Archives Vivekananda

XIV Monsieur

Volume6 letter
322 mots · 1 min de lecture · Epistles - Second Series

Cette traduction a été produite à l’aide d’outils d’IA et peut contenir des erreurs. Pour le texte de référence, veuillez consulter l’anglais original.

AI-translated. May contain errors. For accurate text, refer to the original English.

Français

(Traduit du bengali)

30 décembre 1889.

CHER MONSIEUR,

Je vous avais écrit dans une lettre que je devais me rendre à Varanasi dans un jour ou deux, mais qui peut annuler le décret de la Providence ? On m'a appris qu'un frère en disciples, nommé Yogen, avait été frappé par la variole après être arrivé ici au retour d'un pèlerinage à Chitrakuta, Omkarnath, etc. ; je suis donc venu en ce lieu pour le soigner. Il est à présent complètement rétabli. Quelques gentilshommes bengalis d'ici sont d'une piété et d'une bonté remarquables. Ils prennent soin de moi avec beaucoup d'affection, et leur vœu insistant est que je reste ici pendant le mois de Mâgha (janvier-février) en observant le vœu de Kalpa. Mais mon esprit ne cesse de revenir au nom de Varanasi et brûle de vous voir. Oui, je vais faire de mon mieux pour m'esquiver et échapper à leurs insistances dans un jour ou deux, et me rendre dans le domaine sacré du Seigneur de Varanasi. Si l'un de mes frères en monastère, nommé Achyutananda Sarasvati, vient chez vous s'enquérir de moi, dites-lui, s'il vous plaît, que je viendrai bientôt à Varanasi. C'est vraiment un homme très bon et savant. J'ai été contraint de le laisser à Bankipore. Rakhal et Subodh sont-ils toujours à Varanasi ? Veuillez vous renseigner et me faire savoir si la foire de Kumbha se tiendra cette année à Hardwar ou non.

J'ai rencontré en bien des lieux nombre d'hommes de sagesse et de piété, nombre de Sadhous (saints hommes) et de Pandits, et ils m'ont tous été très favorables ; mais « भिन्नरुचिर्हि लोकाः — Les hommes diffèrent dans leurs goûts » — Raghuvamsham. Je ne sais quelle affinité d'âme existe entre nous, car nulle part ailleurs les choses ne me semblent aussi plaisantes et agréables qu'avec vous. Voyons ce que le Seigneur de Kashi décidera.

Bien à vous,

Vivekananda.

Mon adresse est :

Aux bons soins de Govinda Chandra Basu, Chauk, Allahabad.

English

(Translated from Bengali)

30th Dec., 1889.

DEAR SIR,

I wrote in a letter to you that I was to go to Varanasi in a day or two, but who can nullify the decree of Providence? News reached me that a brother-disciple, Yogen by name, had been attacked with smallpox after arriving here from a pilgrimage to Chitrakuta, Omkarnath, etc., and so I came to this place to nurse him. He has now completely recovered. Some Bengali gentlemen here are of a greatly pious and loving disposition. They are very lovingly taking care of me, and their importunate desire is that I should stay here during the month of Mâgha (Jan.-Feb.) keeping the Kalpa vow. But my mind is very keenly harping on the name of Varanasi and is quite agog to see you. Yes, I am going to try my best to slip away and avoid their importunities in a day or two and betake myself to the holy realm of the Lord of Varanasi. If one of my monastic brother-disciples, Achyutananda Sarasvati by name, calls on you to enquire of me, please tell him I am soon coming to Varanasi. He is indeed a very good man and learned. I was obliged to leave him behind at Bankipore. Are Rakhal and Subodh still there in Varanasi? Please inquire and inform me whether the Kumbha fair this year is going to be held at Hardwar or not.

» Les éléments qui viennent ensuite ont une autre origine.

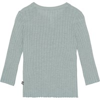 Voor kleine kinderen een grijsgroene vest in ribstof van een zachte viscosemix. Het vest sluit nauw aan en heeft een ronde hals met een kleine ribboord. Het heeft een parelmoerkleurige knoopsluiting. Voor een zachte luxe set kun je het vest dragen met een bijpassende broek .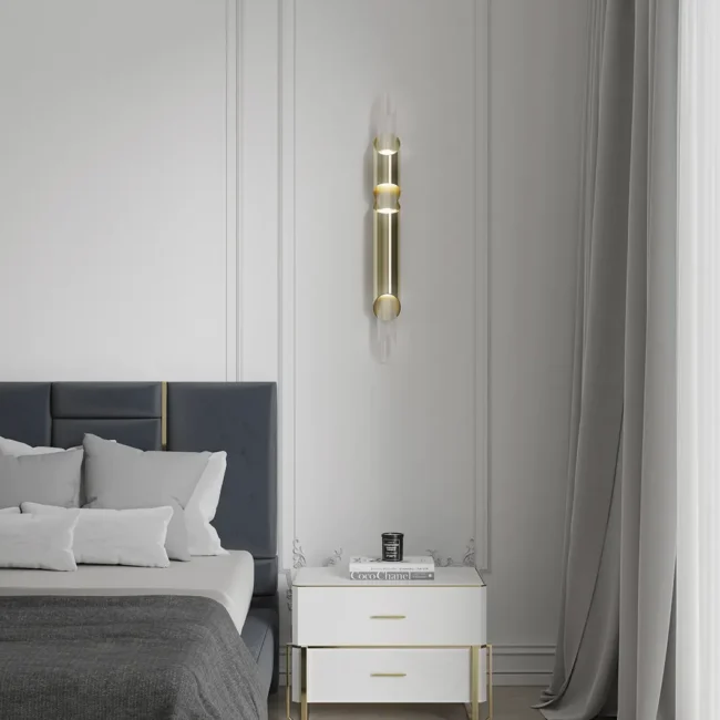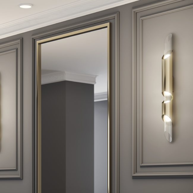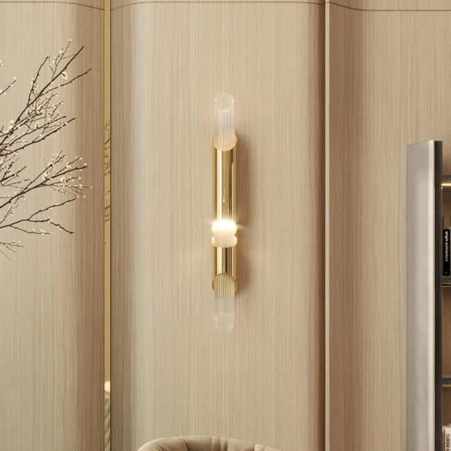 Made with a simple cylinder of crystal glass and gold-plated brass, the Draycott I Wall Lamp enhances the beauty of any interior decor it adorns. With a simple and elegant design, this wall light is ideal for illuminating art pieces such as paintings or sculptures.MATERIALS
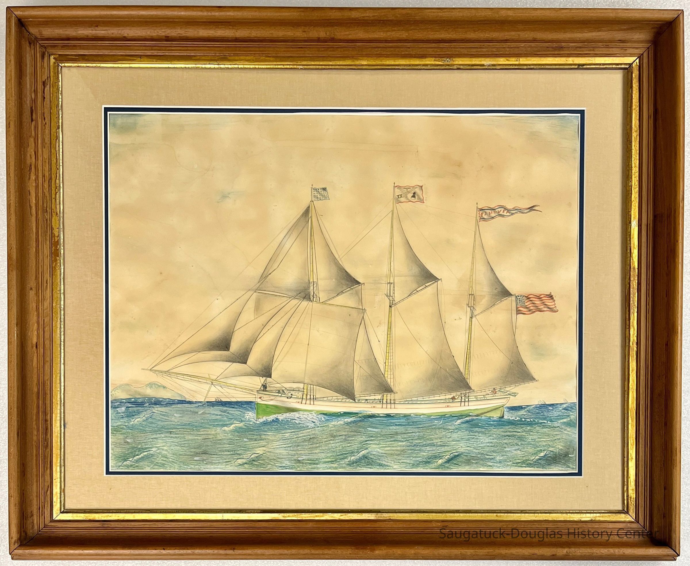 A. Colored pencil rendering of the E.J. McVea, a three-masted schooner, alone on orderly waves. According to the donor, the drawing was done by Joe Norris of Kingston Ontario in the late 19th century.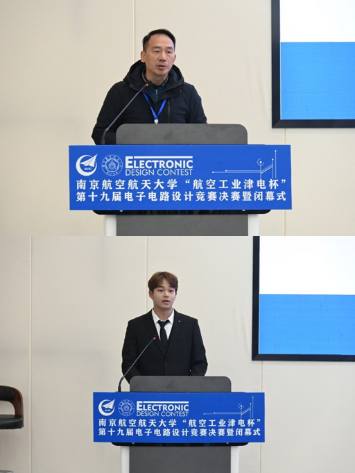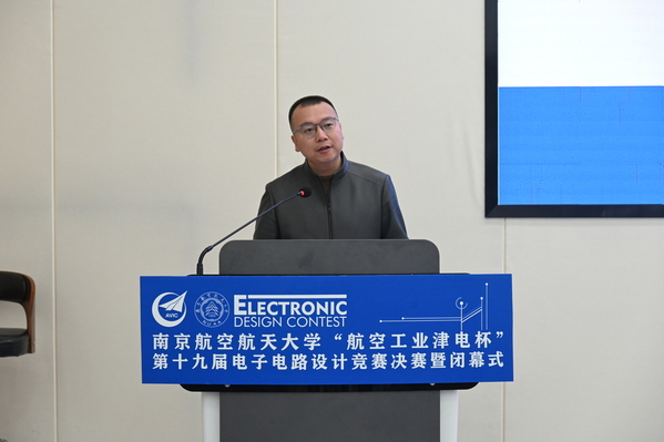 2024年12月15日,AC米兰中文官方网站“航空工业津电杯”第十九届电子电路设计竞赛决赛暨闭幕式在天目湖校区举行,教务处副处长柯世堂、天目湖校区党工委副书记、学生处副处长贡海俊、校团委副书记张瀚文、AC米兰中文官方网站党委书记李文雷、通用航空与飞行学院院长王勤、AC米兰中文官方网站党委副书记丁琛、AC米兰中文官方网站院长助理陈杰以及师生代表出席闭幕式。此次闭幕式还特别邀请了天津航空机电有限公司党委副书记段志刚、人力资源部部长许瑞丰、南京凌殴创芯电子有限公司总经理助理章喆莅临现场指导交流。

Many a man of wisdom, of piety, many a Sâdhu (holy man) and Pundit have I met in so many places, and I have been very much favoured by them, but "भिन्नरुचिर्हि लोकाः— Men are of varying tastes" — Raghuvamsham. I know not what sort of soul-affinity there is between us, for nowhere else does it seem so pleasing and agreeable as with you. Let me see how the Lord of Kashi disposes.

Yours etc.,

Vivekananda.

My address is:

C/o Govinda Chandra Basu, Chauk, Allahabad.


Texte issu de Wikisource, domaine public. Publication originale par Advaita Ashrama.